### Activity
Omitting all images, transcribe the listing word for word.
The data Start Marker
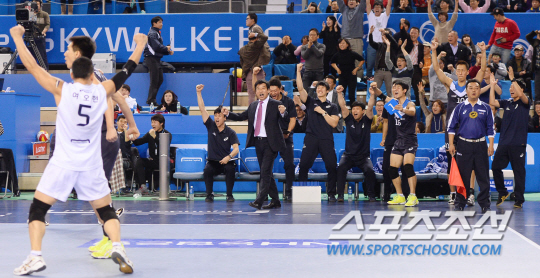 이날 승리의 일등공신은 42점을 쏟아부은 아가메즈였다. 김 감독은 "아가메즈가 터키에서 뛰면서 지금처럼 많이 때리지는 않았을 것"이라며 "체력적인 부분에서 떨어지는 것은 사실이다"고 평가했다. 14점을 한 송준호에 대해서도 "KOVO컵이 끝난 뒤 선수로서 길을 잃었다"면서 "선배들과 함께 생활하면서 포지션에 대한 부분들을 풀고 나니까 좋은 모습을 보이게 됐다"고 말했다.
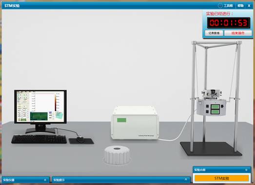 实验仪器栏:存放实验所需的仪器,可以点击其中的仪器拖放至桌面,鼠标触及到仪器,实验仪器栏会显示仪器的相关信息;仪器使用完后,则不允许拖动仪器栏中的仪器了。
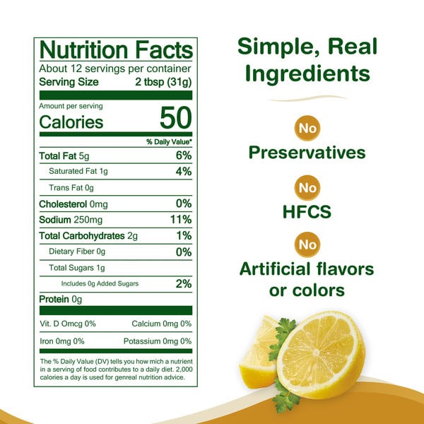• ELEVATED RECIPE, NEXT LEVEL TASTE: With 50 calories and one gram of sugar per serving, our reimagined lemon vinaigrette brings citrusy satisfaction with flavor in mind
The data End Marker
### Result for this exercise
 이날 승리의 일등공신은 42점을 쏟아부은 아가메즈였다. 김 감독은 "아가메즈가 터키에서 뛰면서 지금처럼 많이 때리지는 않았을 것"이라며 "체력적인 부분에서 떨어지는 것은 사실이다"고 평가했다. 14점을 한 송준호에 대해서도 "KOVO컵이 끝난 뒤 선수로서 길을 잃었다"면서 "선배들과 함께 생활하면서 포지션에 대한 부분들을 풀고 나니까 좋은 모습을 보이게 됐다"고 말했다.
 实验仪器栏:存放实验所需的仪器,可以点击其中的仪器拖放至桌面,鼠标触及到仪器,实验仪器栏会显示仪器的相关信息;仪器使用完后,则不允许拖动仪器栏中的仪器了。
• ELEVATED RECIPE, NEXT LEVEL TASTE: With 50 calories and one gram of sugar per serving, our reimagined lemon vinaigrette brings citrusy satisfaction with flavor in mind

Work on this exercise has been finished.